Alcudia signifies in Arabic, the mount. The fact is that, really, the town is on an elevation of 1.003 meters of altitude, dominating the valley of Tahal. On the highest point of Alcudia, you will find one of the greatest paved eras in the province of Almeria which has an impressive view of the valley of Tahal.
To the East and West of the town are the two great mountains of the Filabres mountain range. The one known in the middle ages as Montahur (now known as Monteagud, a name of latin american origin with which the town expanded its name to be distinguished from the other Alcudias that can be found in Spain) and the mount Nimar, always covered with snow in winter. These names have remained with the mountains for thousands of years and are the only witnesses of old vanished languages.
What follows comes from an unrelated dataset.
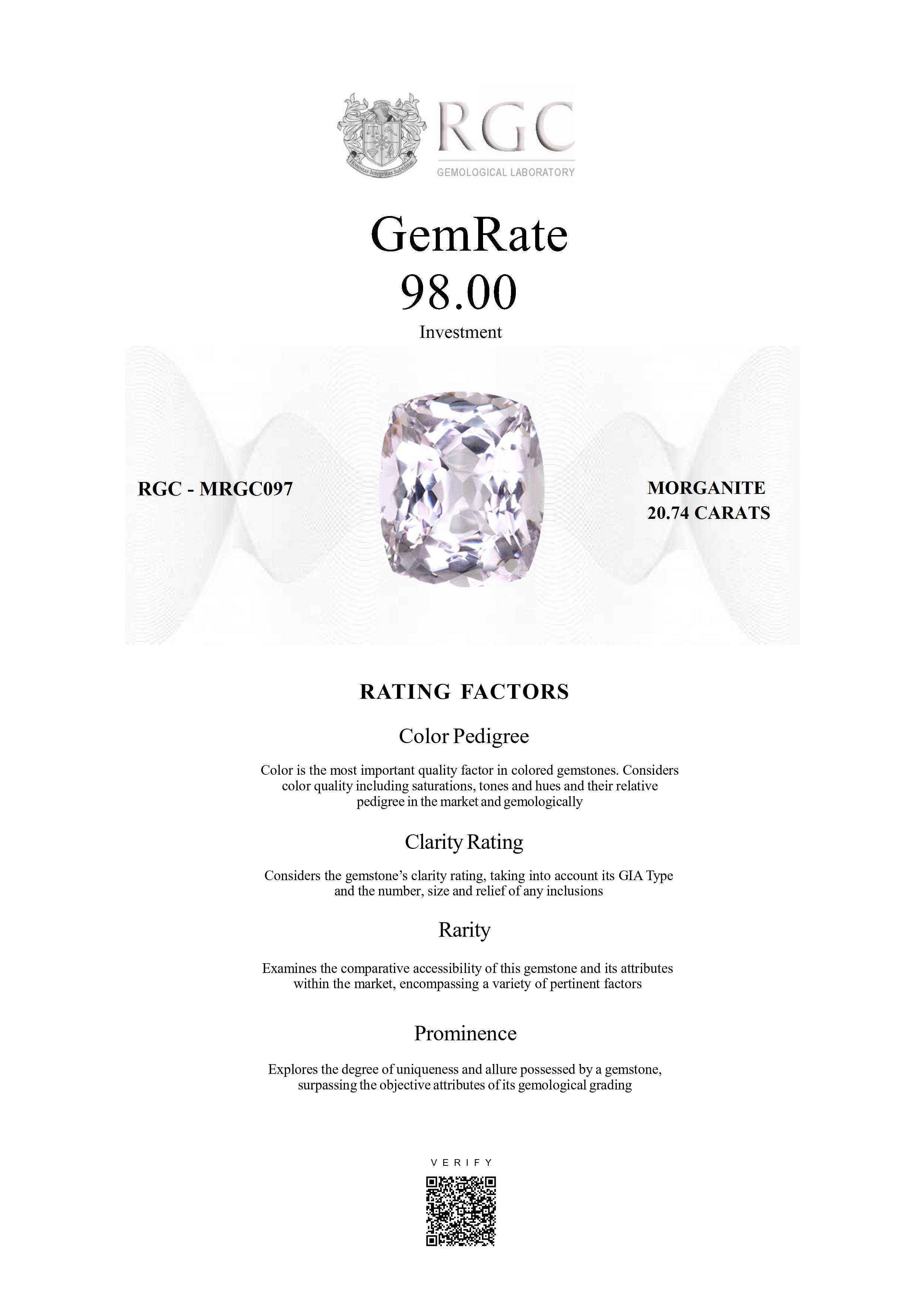 The RGC GemRate is a revolutionary system that addresses the importance and difficulty of comparing different colored gemstones with their peers in the marketplace. It assesses a wide variety of factors that exist in the marketplace and gemologically to classify gems in their genre using a standardized rating system. These factors are myriad but include quantifiable factors like color grade, clarity and cut, rarity factors examining relative rarity and also qualitative factors such as prominence, which examines the degree to which a gemstone stands out and captivates beyond just its measurable quality traits. It's essentially the stone's ability to catch attention and distinguish itself from others.
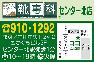 靴やバッグの修理やクリーニングは専門店にお任せを!センター北駅から歩いてすぐの「靴専科センター北店」は、愛用品の日常的なケアはもちろん、「もうダメかも」と諦めてしまったものまで再生してくれる評判のお店。

Very near Alcudia, barely buried are the remains of settlements and their peoples that were here up to the 16th Century. The medieval history of the zone is quite atypical. It was populated by tribal groups, that seem to be of Berber origin who created all the settlements that still exist and the ones that suddenly were abandoned forever in 1570. These family settlements used their own family name to appoint the names of the villages which were built and raised next to small fortifications, generally towers that defended the territory of the clan. The biggest of these towers is that of Alhabia.
Those villagers that continued being Moslems in secret, in spite of having been forced to be baptised after the conquest of the kingdom of Granada by the Catholic Kings were swept out of the Sierra in 1570, in a huge ethnic mopping-up operation. Up until that moment the Spanish Inquisition pursued and condemned them for religious crimes that were not true.
It was then, to replace the Moors expelled, that the last invaders of the Sierra Filabres arrived, the ancestors of the present locals. To Alcudia cattle raisers from the mountain range of Segura (Jaen), peasants from Castille and a strange group of shepherds from the Basque-French lands of the north. They had such difficult names to pronounce that they ended up substituting their complicated surnames for others more acceptable to the majority of their Spanish-speaking neighbours.
In Alcudia we can observe a phenomenon that is not exclusive of the Filabres, but that has here one of its most spectacular demonstrations: the existence of a landscape built, from top to bottom, by human beings. An endless succession of walls of stone cover the mountains from the base to the highest summits and scattered along kilometers and kilometers. There are thousands of hectares that were terraced with a huge amount of effort and an unimaginable amount of work.